Over the past 2 years, MyEatonCanyon.com has been monitoring changes to Eaton Canyon following the drenching winter 2023 rains, publishing articles on rain totals, tree sapling growth, and creek flow. Eaton Canyon has an exceedingly rare semi-arid Mediterranean climate type, in that not only do we have a winter wet season and summer dry season that is atypical throughout planet Earth, but our wet and dry seasons are far more pronounced than traditional Mediterranean climates. This fact puts Eaton Canyons’ ecology in an awkward position where it must be able to handle both several feet of rainfall in some years and 8+ month stretches without a single drop.

A forest in Eaton Canyon drying out significant between May 24, 2024 and August 14, 2024.

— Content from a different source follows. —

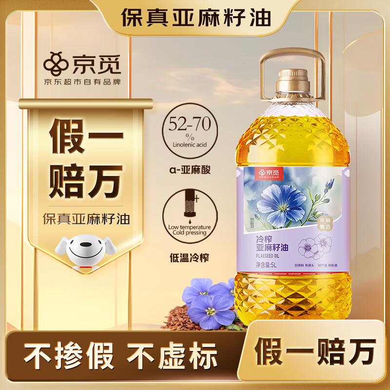 京觅冷榨亚麻籽油5L 低温压榨 一级食用油可热炒 进口原料高亚麻酸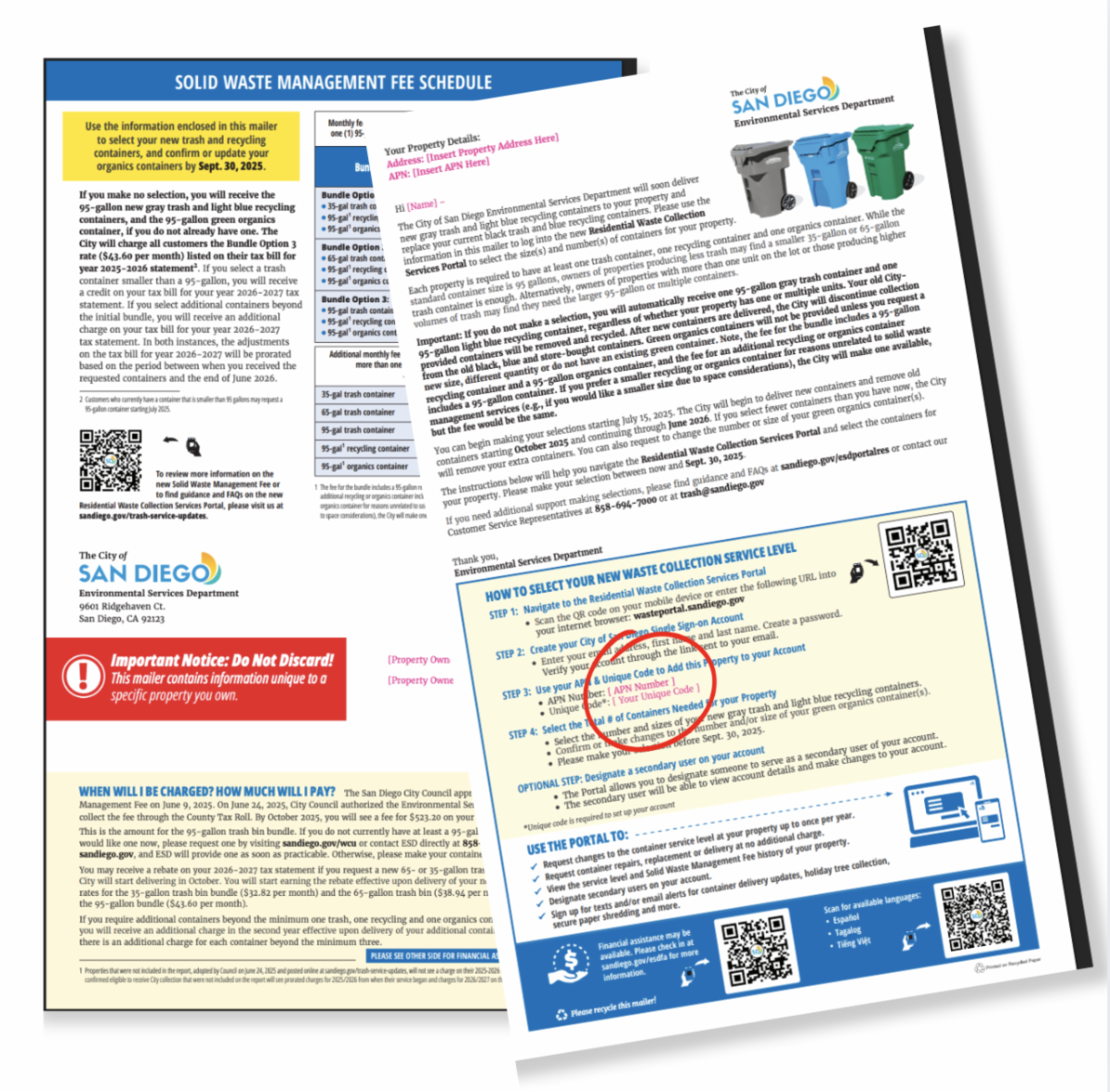 Have you received this letter from the City of San Diego in the mail? Property owners receiving City trash and recycling services are being asked to enroll in a new customer portal by September 30, 2025.

As we head into late autumn in Southern California, attention turns towards the equatorial East Pacific around and west of the Galapagos Islands. This particular part of the Pacific ocean undergoes periodic and regular sea surface temperature changes that impact the global weather in a phenomena we call the “El Nino Southern Oscillation” or “ENSO” for short. When ocean temperatures in this area are warmer than average, we call it El Nino. When they are cooler than average, we call this La Niña. These two episodes can last anywhere between 6 months and 3 years. La Niña conditions typically result in drier than average winters in California, though this is a generalization, not a rule. Famously wet years in the Golden State such as 2023 were La Niña years.

La Niña years more often than not generate persistent atmospheric ridging over or just west of California during the winter months, deflecting incoming Pacific rainstorms north into British Columbia. Meanwhile, El Nino years more often than not feature a strong subtropical jet stream that connects moisture between Hawai’i and the Southern California coast and can easily cut through those same ridges.

 

As of October 2024, the National Oceanic and Atmospheric Administration has a “La Niña Watch” in effect with cooler than average water temperatures in the equatorial east Pacific expected this winter. Earlier forecasts issued this past summer by NOAA called for more robust La Niña than we are currently seeing, and we’ve instead been hovering around neutral ENSO conditions. While conditions are still within the forecast envelope from last autumn, reality has been on the warm side.

 

ENSO conditions have trended on the upper end of ensemble forecasts over the past year.

Indeed, forecast models have begun calling for below average winter rainfall across the entire state, including Eaton Canyon. While these forecasts could very well be wrong, especially on a local level, optimism is not high for a wet winter 2025. 

 

The CFSv2 model believes much drier than normal conditions will occur across California this winter.